In the ONS group, 6 patients resigned from the study (gave up on taking supplements).

In Control group, 2 patients moved to another oncology center, 1 patient resigned from the oncology treatment, 5 patients resigned from the study (no time for additional visits, fatigue). The above data are presented in Appendix:

Table A1. The reasons for dropout of the study and causes of early termination of chemotherapy due to severe complications.

1st Visit	Randomization Start Observation and Intervention
	Control Group n = 48	ONS Group n = 47
2nd visit	n = 48	n = 44 *2 patients resigned from the study (gave up on taking supplements), 1 patient was disqualified from chemotherapy (kidney injury)
3rd visit	n = 46 ** 2 patients moved to another oncology center	n = 44
4th visit	n = 34 *** 1 patient was hospitalized for sepsis 5 patients were disqualified from chemotherapy because of progression of disease, worsening of overall condition, allergic reactions to treatment (oxaliplatin), 1 patient resigned from the oncology treatment, 5 patients resigned from the study (no time for additional visits, fatigue)	n = 38 *** 1 patient was hospitalized for sepsis 1 patients was disqualified from chemotherapy because of progression of disease and worsening of overall condition, 4 patients resigned from the study (gave up on taking supplements)
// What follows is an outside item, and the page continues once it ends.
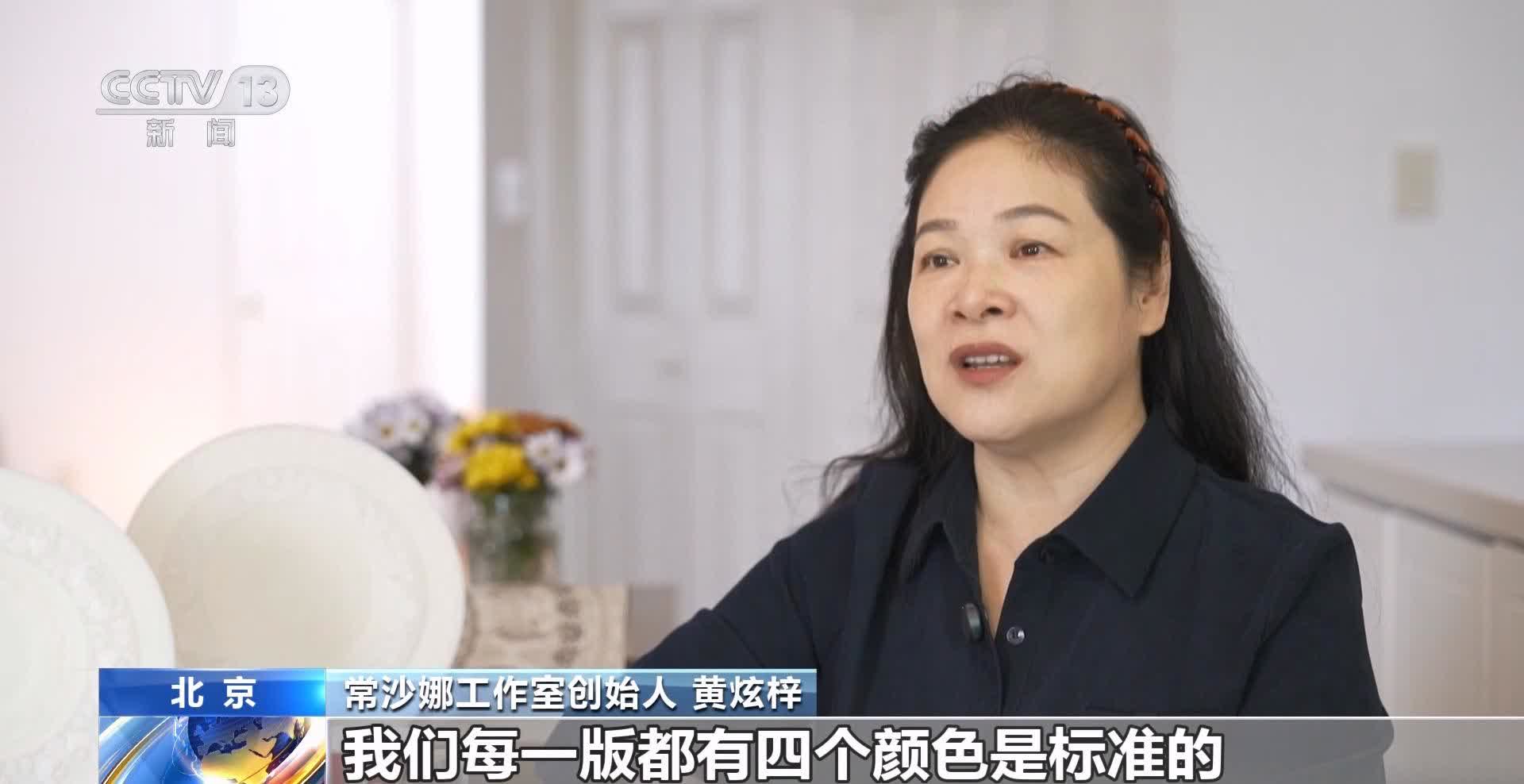常沙娜工作室創始人 黃炫梓:我們每一版都有四個顏色是標準的,以中國的傳統圖案的色彩色調來的,是根據敦煌莫高窟歷朝歷代對於顏色深中淺的概念的截取。

* Incidents between 1 and 2 visit; ** Incidents between 2 and 3 visit; *** Incidents between 3 and 4 visit.

.

There were no statistical differences between groups (ONS vs. Control) in the number of resignation from the nutritional treatment.

Chemotherapy-related toxicity was graded according to National Cancer Institute Common Terminology Criteria for Adverse Events (NCI CTCAE Version 4.0).
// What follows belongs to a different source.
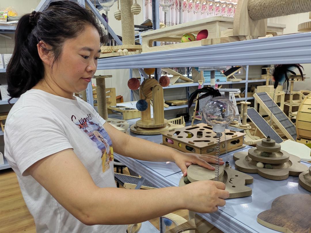 在宠物用品领域,曹县同样在发力。在曹县普连集镇中小企业孵化园内,曹县海纳木制工艺品有限公司的工人们正在熟练地操作着电锯、打磨机,将一块块板材加工成精致的宠物玩具。“我们以前主要做木盒、小型家具等木制品,2023年引进了专业设计团队,对生产线进行了全面改造。”企业总经理管玉静介绍,“像这种纯实木制作的宠物攀爬架,融入了多层立体结构、趣味玩具挂件等创意设计,在欧美市场特别受欢迎,单价能达到1000多元。”

Every 4 weeks, on every visit, data on toxicity of chemotherapy such as neutropenia, leukopenia, anemia, thrombocytopenia, diarrhea, vomiting, abdominal pain, and sepsis or other symptoms were noted.

In addition, delayed chemotherapy and dose reduction due to toxicity were recorded.

2.4. Nutritional Status, Performance Status and Quality of Life

The following methods for determination of the nutritional status were used in the study:

Body mass measurement with the use of the scale (Tanita BC 420).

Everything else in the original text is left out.